LAUSR

Significance CD11c+ microglia enriched for osteopontin (OPN) expression appear at distinct stages of brain development, aging, and several neurodegenerative disorders. Whether coexpression of CD11c and OPN results from microglial activation or represents a part of a subset-specific genetic program is unknown. We find that this CD11c+ microglial subset is formed before birth upon uptake of apoptotic neurons. Our analysis also suggests that it represents a stable subset that requires OPN to mediate engulfment of synaptic proteins, proliferate, and develop a proinflammatory phenotype. Definition of OPN-producing CD11c+ microglia as a specialized microglial subset provides insight into the contribution of microglial differentiation to brain development and function in health and disease. Expression of Itgax (encoding the CD11c surface protein) and Spp1 (encoding osteopontin; OPN) has been associated with activated microglia that can develop in healthy brains and some neuroinflammatory disorders. However, whether CD11c and OPN expression is a consequence of microglial activation or represents a portion of the genetic program expressed by a stable microglial subset is unknown. Here, we show that OPN production in the brain is confined to a small CD11c+ microglial subset that differentiates from CD11c− precursors in perinatal life after uptake of apoptotic neurons.

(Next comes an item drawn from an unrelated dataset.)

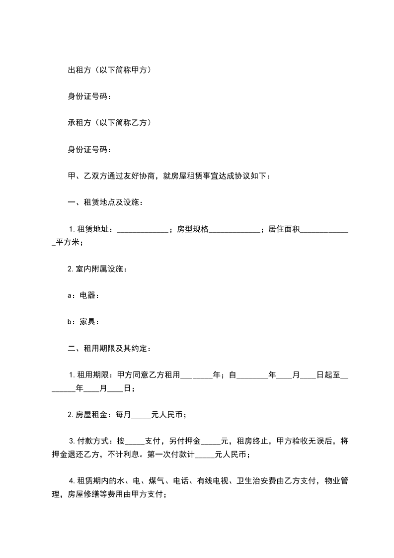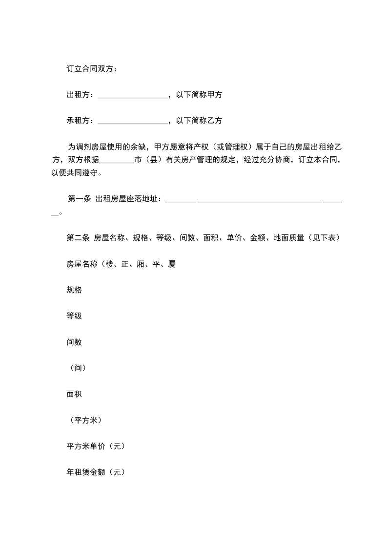 1.租赁地址:_____________;房型规格_____________;居住面积_____________平方米;

Our analysis suggests that coexpression of OPN and CD11c marks a microglial subset that is expressed at birth and persists into late adult life, independent of environmental activation stimuli. Analysis of the contribution of OPN to the intrinsic functions of this CD11c+ microglial subset indicates that OPN is required for subset stability and the execution of phagocytic and proinflammatory responses, in part through OPN-dependent engagement of the αVβ3-integrin receptor. Definition of OPN-producing CD11c+ microglia as a functional microglial subset provides insight into microglial differentiation in health and disease.